Histologically characterized by epidermotropism of atypical convoluted lymphocytes and infiltration of atypical lymphocytes in the upper dermis, MFPP typically has an indolent course. In contrast, advanced-stage MF (stage IIB to IV) and Sézary syndrome (SS) are aggressive lymphomas with a median survival of 1 to 5 years.
A 2015 literature review identified the following 10 candidate markers for MF/SS:
- Cutaneous histologic features of folliculotropism
- Large-cell transformation
- White blood cell/lymphocyte count
- Serum lactate dehydrogenase
- Identical T-cell clone in blood and skin
Of the 10 variables tested, four (stage IV, age over 60, large-cell transformation, and increased lactate dehydrogenase) were independent prognostic markers for a worse survival.
MFPP, however, develops on the soles of the feet and the average age of patients is 52, although the range is approximately 11 to 83. Male patients are more than twice as likely as women to be affected, and the mean duration of lesions is approximately 4 years (range of 3 months to 25 years).
MFPP typically presents as psoriasiform, erythematous hyperkeratotic patches, blisters, or ulceration.
Clinical considerations for differential diagnosis include palmoplantar psoriasis vulgaris, dermatophytosis, secondary syphilis, eczema, hyperkeratotic lichen planus, contact dermatitis, and warts.
Histological assessment of biopsies that includes immunostaining profiling and genetic analysis of PCR-based monoclonal rearrangements of T cell receptors may be required for an accurate diagnosis, the case authors write, noting that with this patient, T cell receptor clonal analysis was necessary, and the morphological evaluation with immunostaining profiling confirmed the diagnosis.
Treatment options for MFPP include topical or systemic chemotherapy, PUVA photochemotherapy, radiation therapy, and immunotherapy, and response (complete or partial) to any of these is excellent, with a response rate of 95%, the case authors write, adding that research suggests that radiation therapy and monotherapy with PUVA may be particularly effective.

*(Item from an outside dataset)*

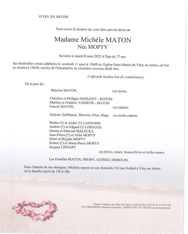 Madame MICHELE MATON née MOPTY

As well, there is data to support efficacy of treatment with PUVA combined with:
- Topical or systemic administration of corticosteroids
- Gemcitabine and methotrexate
- Carbon dioxide laser and excimer laser
In the event of a tumor relapse or recurrence, further treatment can often control progression of MFPP, the authors note. They cite the U.S. Cutaneous Lymphoma Consortium’s 2016 consensus guidelines for phototherapy of MF/SS, which state that ultraviolet (UV) light is well established for treatment of the diseases.
In addition to traditional treatments such as broadband, narrowband UVB light, and PUVA, newer options include UVA1 (which uses only the longer, non-erythemogenic UV wavelengths), and excimer laser.
According to the guidelines, UV light is used either as monotherapy or in addition to systemic therapy, demonstrating efficacy in many cases that equal or surpass systemic medications. “Despite its utility and duration of use, the current practice of using [ultraviolet light] guidelines for psoriasis to treat patients with MF/SS is problematic because the goals of prolonging survival and preventing disease progression are unique to CTCL compared to psoriasis,” the guidelines state.
The case authors also cite a recent case report in which treatment with brentuximab vedotin, an antibody that selectively targets tumor cells expressing the CD30 antigen, was associated with complete remission in a patient with MFPP with large cell transformation and partial CD30 expression. The clinicians involved said the patient had a complete remission, which persisted through 5-year follow-up with topical PUVA photochemotherapy.
The case authors write that in general, the factors to consider in choosing appropriate treatment for a patient with MFPP include the lesion’s location, size, and stage in the context of the patient’s overall health and available medical resources. Patient response and any adverse treatment effects will then help determine the need to modify treatment.
In addition, the case authors conclude, periodic follow-up visits are important due to the potential for recurrence or spread of MFPP to other areas of the body.
The case report authors noted no conflicts of interest.